Anyway, after I have recorded too many hours of noodling, messing around, playing with chords and melodies and modes, I go back and listen to this huge mass of stuff, hours and hours of it, most of which is unusable. But amid the hours of inconsequential noodling, a real live germ of a tune will pop up. (It has taken me years of experience to recognize a viable germ of a tune when I hear one.) Very often, when I hear something of interest, I have no recollection of ever having played it.

A lot of tunes don't work out. Just because you can finish a tune and put an arrangement on it and compose it, and just because it may be fun to play, that doesn't necessarily mean that it's a good tune. (Again, it has taken me many years of experience to understand this distinction.) I have finished easily 100 bad tunes that did not make it to the records.
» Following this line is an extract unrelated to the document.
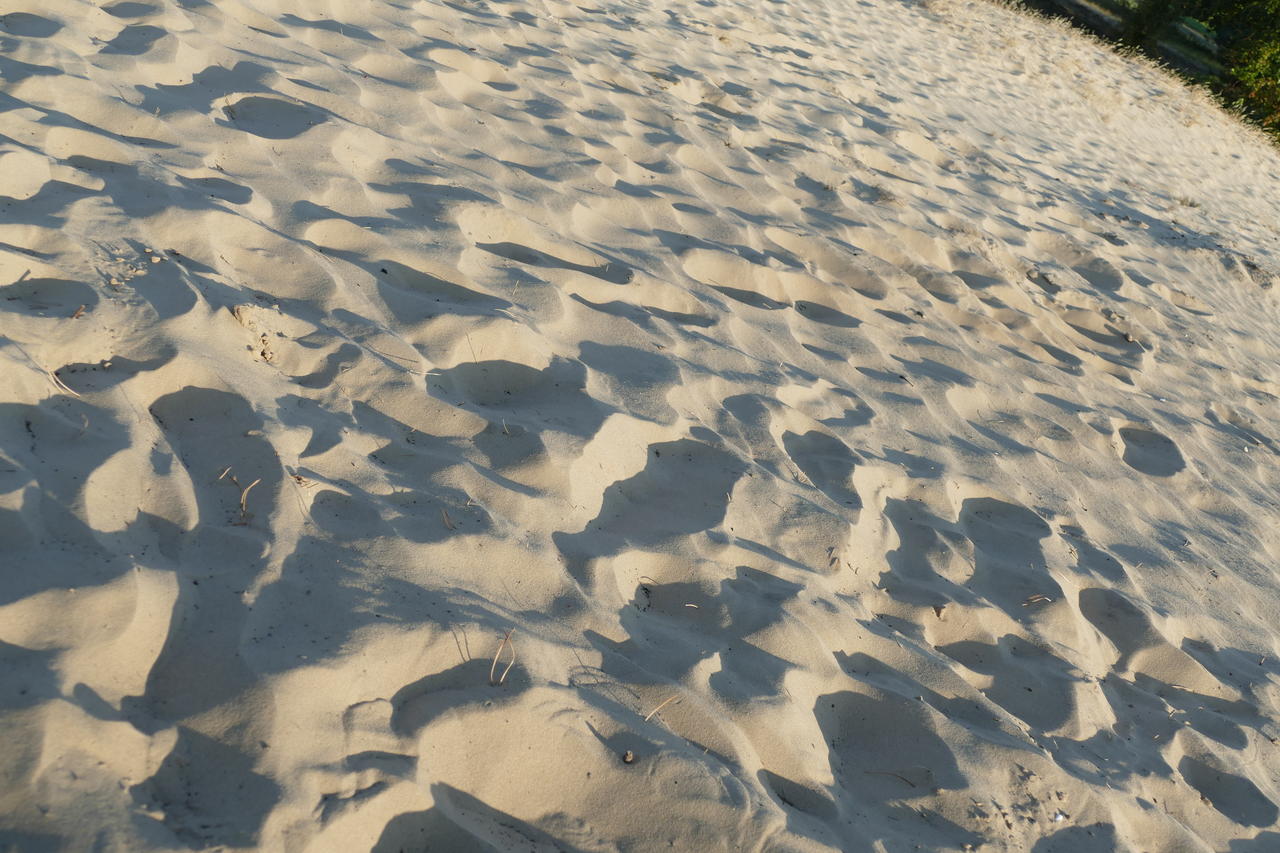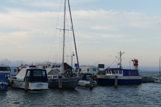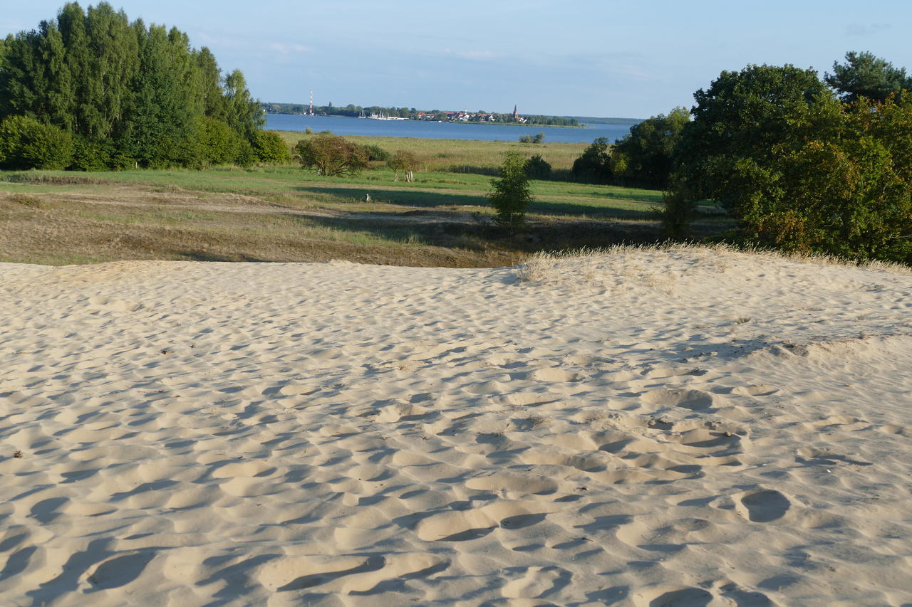 Am Hafen gibt es noch ein Fischbrötchen als kleinen Mittagssnack, dann geht es ca. 15 Kilometer weiter nach Altwarp. Das kleine Fischerdorf liegt auf einer Halbinsel im Haff und in Sichtweite zu Polen. Außerdem sind wir hier am nordöstlichsten Punkt des deutschen Festlandes. Rund um den Hafen ist ein beliebter Stellplatz für Wohnmobile in schöner Lage direkt am Wasser. Für 12 Euro inklusive Strom richten wir uns häuslich ein und machen erst einmal Kaffeepause und Siesta. Dann geht es zu einem Spaziergang in die Dünen. Eines der wenigen Binnen-Dünengebiete Deutschlands findet sich hier auf der Halbinsel. Da kommt doch schon mal ein wenig Marokko-Feeling auf
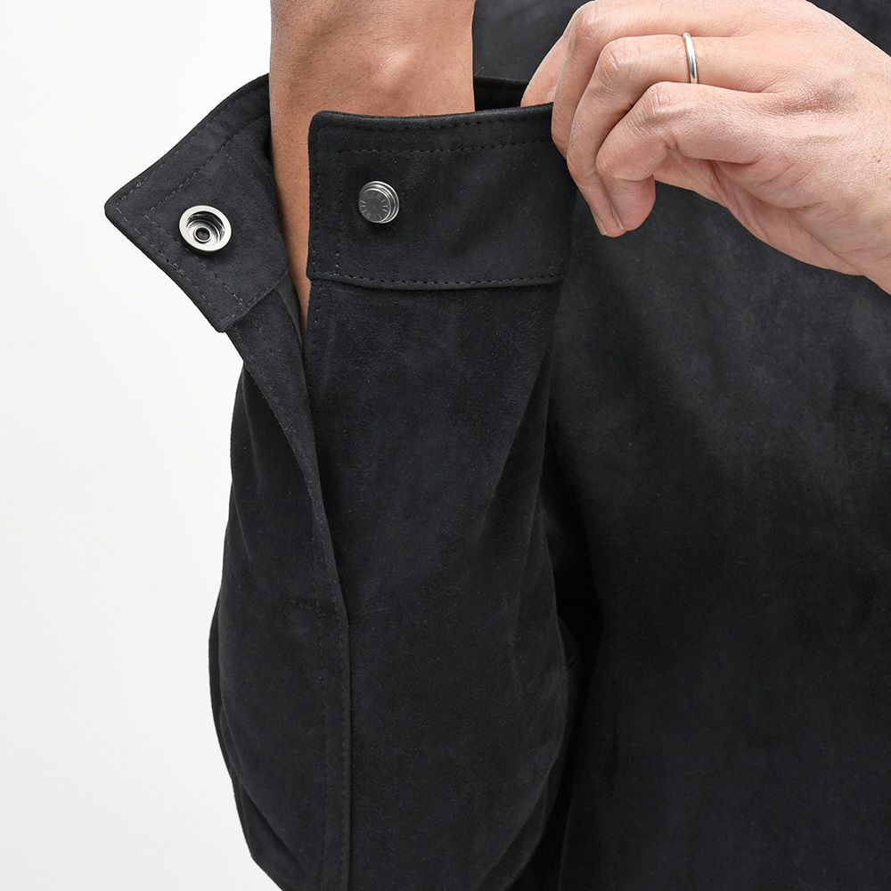 モダンなブラックカラーのライダースですが、ラムスエードの極上な質感が程よくシックで大人な佇まいを作り上げてくれます。

The best tunes come back on their own. At first, you might think there's not much there, or it's nothing special. But then, at the office, the tune keeps coming back to me, it's playing in my head, over and over. So I run to one of the little phone room, close the door, dial my home phone and hum the tune into my answering machine. One track from the next record came about in exactly that way.

When a tune is playing in my head and I just cannot manage to play it on a keyboard -- what the heck is this tune doing? -- then I know I'm dealing with something that has potential.

So Opus No. 3, still untitled, is about two-thirds tracked, and I need to come up with another four or five tunes to round it out. Right now, I may have two in play. Maybe two and a half.

That's just a little personal spillage about my working methods, such as they are, in case you are interested. Making records is just about my favorite thing. Also, playing gigs and practicing. And of course the chief activity is composing. Which, as I said, is a matter of luck. But I believe we can do certain things to improve our luck.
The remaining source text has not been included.